That would be revolutionary.

Sunday, August 26, 2012

Mark[up|down]

People sure hate the pointy brackets. I've been writing markup since version 2 of the Text Encoding Initiative Guidelines in SGML in the 1980s, and as easy as modern tools like oXygen make it today, even I'm not crazy about it. Over the past year or so, I've looked at every "markdown" alternative to markup that I could find: to name a few, textile, markdown, multimarkdown, reStructuredText, and more wiki languages than I can list.

All of them seem to have a similar history: somebody wanted to have a quicker and easier way to express HTML, cooked up a tool to convert some simple "markdown" conventions to HTML, and realized, "Hey, this is useful!" As a result, all of the markdown languages share two main drawbacks. The first is that they generally express only the semantics of HTML, or a subset of HTML. That eliminates their application to any writing or editing that requires richer semantics such as an XML language could supply, but more fundamentally, the markdown languages suffer from a long-recognized limitation: they're not specified. It should be obvious that "Whatever my converter tool handles" is NOT a specification, but that's the state of most of the markdown schemes. (See these comments from more than a decade ago about reStructuredText!)

For those cases where I really just want a quick and easy way to bang out HTML-like content, John Grueber's markdown seems to offer the best compromise. First, if you really need some particular piece of HTML beyond what markdown offers, you can just embed it in your text (although at the price of reintroducing some pointy brackets). But what really persuades me is the pegdown processor.
Pegdown uses parboiled's "parsing expression grammars" (PEGs) so it comes closer to a separately specified definition of the language than a code library full of regular expressions emitting some kind of converted text. pegdown will give you an abstract parse tree for your markdown content, which makes me feel much more confident using markdown down from code I write.

Add to that the ever growing number of editors and other tools that support markdown in all kinds of contents, and I'm converted. So was the text of this post — from markdown to html.

Tuesday, July 31, 2012

In a small discipline, proxy repositories

Software builds on other software. With a build system like gradle, once you declare how your code depends on other code, the build system checks your declaration with listed repositories, and downloads appropriate packages as they are needed. If you are coding in a JVM language, you can find an enormous proportion of the libraries you might want from maven central, either directly or via a proxy.

But if you routinely work with ancient Greek, or in any similarly specialized domain, the situation is different. Hugh Cayless' epidoc transformer package is indispensable for my routine work, for example, but for a few minutes yesterday, the one repository where it's regularly hosted was down. I was paralyzed.

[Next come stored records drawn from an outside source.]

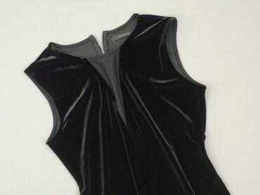 Sukienka damska RESERVED, rozmiar M. - Kolor: czarny - Materiał: 100% poliester (w tym podszewka 100% poliester – metki na zdjęciach) - Tkanina z efektem weluru/aksamitu - Krój bez rękawów, okrągł...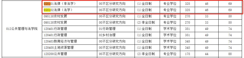 法硕(法学):录取20人,最高分365分,最低分345,平均分355分。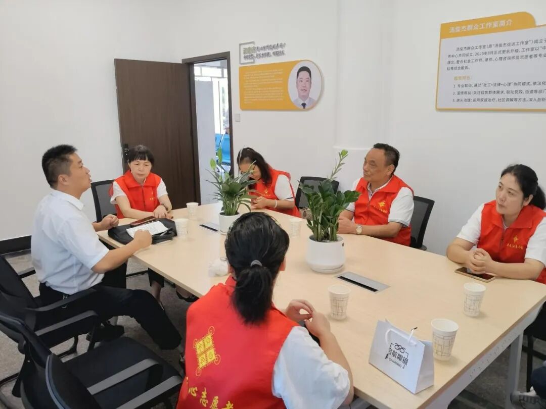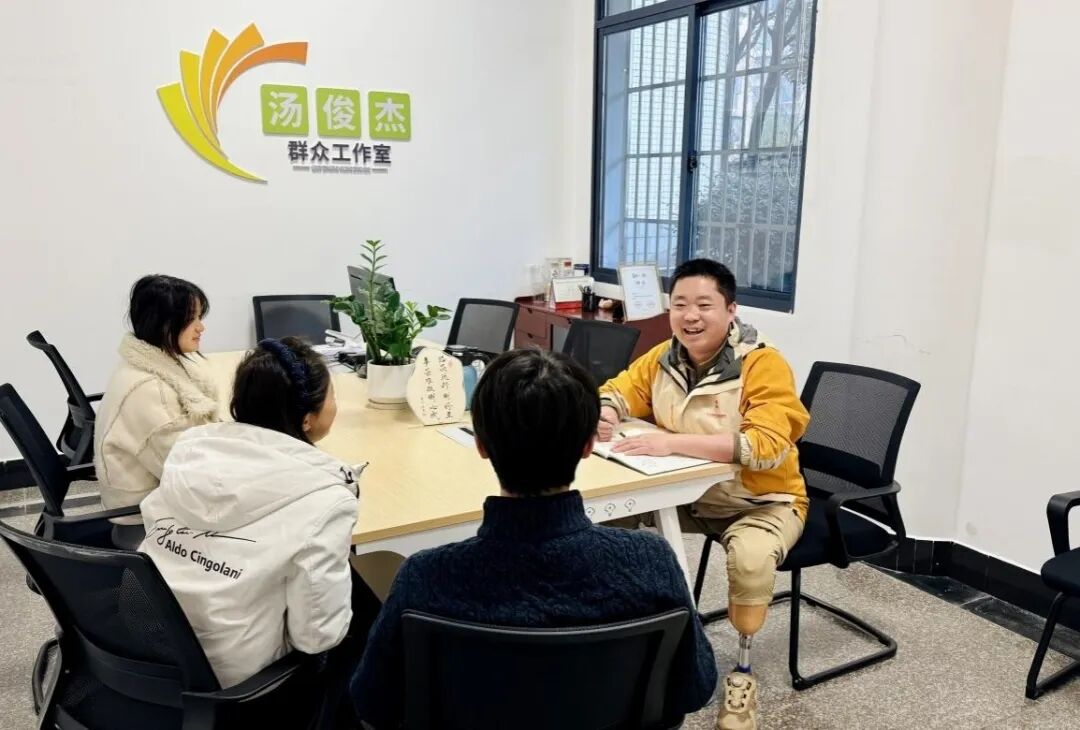 工作室负责人汤俊杰是中国好人、全国最美志愿者,自幼双腿截肢却始终坚韧向善。他用共情之心倾听群众心声、化解矛盾,推动工作室与志愿服务深度融合,构建起工作室引领、志愿者参与、社会共建的基层治理格局。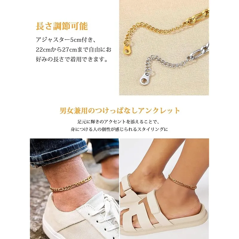 【定番でシンプルなデザイン】年代を問わず男女ともに着用していただけるシンプルなアンクレットです。トレンドに左右される事なく幅広いスタイルのファッションに合うので一つあると困らないアイテムです。

The solution is as easy as it is obvious: smaller communities, like those interested in ancient Greek, need to ensure that the collections of material they depend on are proxied and available from multiple repositories.

I'm using Nexus to host material developed for the Homer Multitext project, and yesterday configured it to proxy dev.papyri.info/maven, where the epidoc transcoder is housed. The unified front to all the material hosted and proxied there is http://beta.hpcc.uh.edu/nexus/content/groups/public/.

Nexus is a "lazy" proxy: it only acquires local copies of a proxied package when it is actually requested. One way to guarantee that your favorite proxying site has all the packages you want is with a minimal build, that creates dependencies on everything you might want, and then simply lists their names. The example below is a gradle build to do just this. The repository URL and version strings for packages are kept in a separate properties file, but this example is otherwise complete: running the showAll task will force the proxy server to retrieve any packages it does not already have locally stored.

repositories {
maven {
url "${repositoryUrl}"
}
}
configurations {
classics
}
dependencies {
classics group: 'edu.harvard.chs', name : 'cite', version: "${citeVersion}"
classics group: 'edu.harvard.chs', name : 'greekutils', version: "${greekUtilsVersion}"
classics group: 'edu.holycross.shot', name : 'hocuspocus', version: "${hocusPocusVersion}"
classics group : 'edu.unc.epidoc', name: 'transcoder', version : "${transcoderVersion}"
}
task showAll {
description = "Downloads and shows a list of useful code libraries for classicists."
doLast {
println "Downloaded artifacts (including transitive dependencies):"
configurations.classics.files.each { file ->
println file.name
}
}
}

Monday, July 9, 2012

"Abolish the journals"

I'm appearing on a panel next spring on the subject of "publishing" at the Classical Association of the Midwest and South. Would it be too much to suggest that Walter Olson's critique of law reviews applies equally well to academic journals in the humanities?

Olson quotes Harold Havighurst:

Whereas most periodicals are published primarily in order that they may be read, the law reviews are published primarily in order that they may be written.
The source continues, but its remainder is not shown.